### [Prompt]
Within the listing below, please copy exactly the lines between the line holding "60×120 Beşik Örgülü" and the line holding "Hasiči bojujú s", inclusive.

======== Listed records

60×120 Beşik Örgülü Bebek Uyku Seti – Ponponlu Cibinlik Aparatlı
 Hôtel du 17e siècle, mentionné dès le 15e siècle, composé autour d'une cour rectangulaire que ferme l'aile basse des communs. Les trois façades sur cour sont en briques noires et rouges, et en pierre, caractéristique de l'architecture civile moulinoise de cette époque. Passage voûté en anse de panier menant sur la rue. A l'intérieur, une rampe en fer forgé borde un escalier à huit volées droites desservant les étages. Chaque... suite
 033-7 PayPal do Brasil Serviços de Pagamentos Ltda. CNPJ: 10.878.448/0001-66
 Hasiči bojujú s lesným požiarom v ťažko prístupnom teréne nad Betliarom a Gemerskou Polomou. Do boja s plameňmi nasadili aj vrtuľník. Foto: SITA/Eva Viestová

================
======== Listed records

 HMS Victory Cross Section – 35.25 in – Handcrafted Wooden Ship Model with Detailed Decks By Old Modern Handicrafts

================
======== Listed records

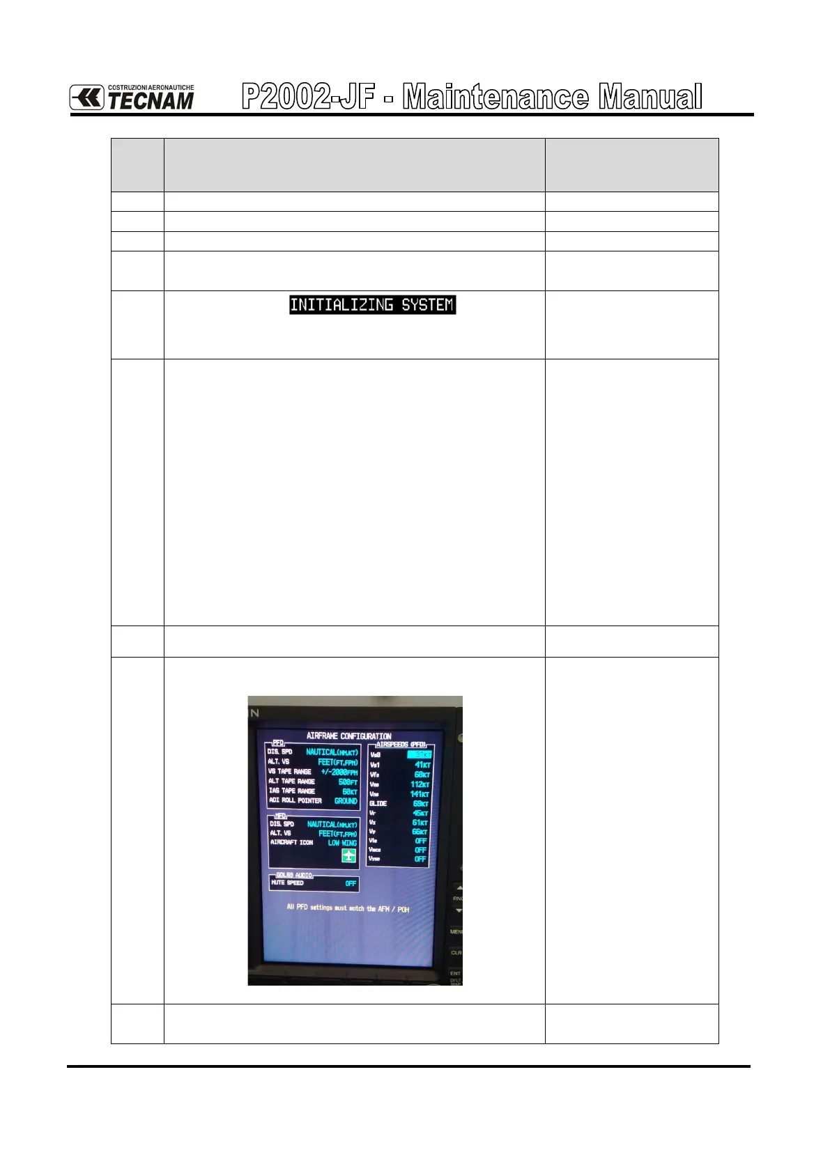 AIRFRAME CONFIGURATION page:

================

### [Expected output]
60×120 Beşik Örgülü Bebek Uyku Seti – Ponponlu Cibinlik Aparatlı
 Hôtel du 17e siècle, mentionné dès le 15e siècle, composé autour d'une cour rectangulaire que ferme l'aile basse des communs. Les trois façades sur cour sont en briques noires et rouges, et en pierre, caractéristique de l'architecture civile moulinoise de cette époque. Passage voûté en anse de panier menant sur la rue. A l'intérieur, une rampe en fer forgé borde un escalier à huit volées droites desservant les étages. Chaque... suite
 033-7 PayPal do Brasil Serviços de Pagamentos Ltda. CNPJ: 10.878.448/0001-66
 Hasiči bojujú s lesným požiarom v ťažko prístupnom teréne nad Betliarom a Gemerskou Polomou. Do boja s plameňmi nasadili aj vrtuľník. Foto: SITA/Eva Viestová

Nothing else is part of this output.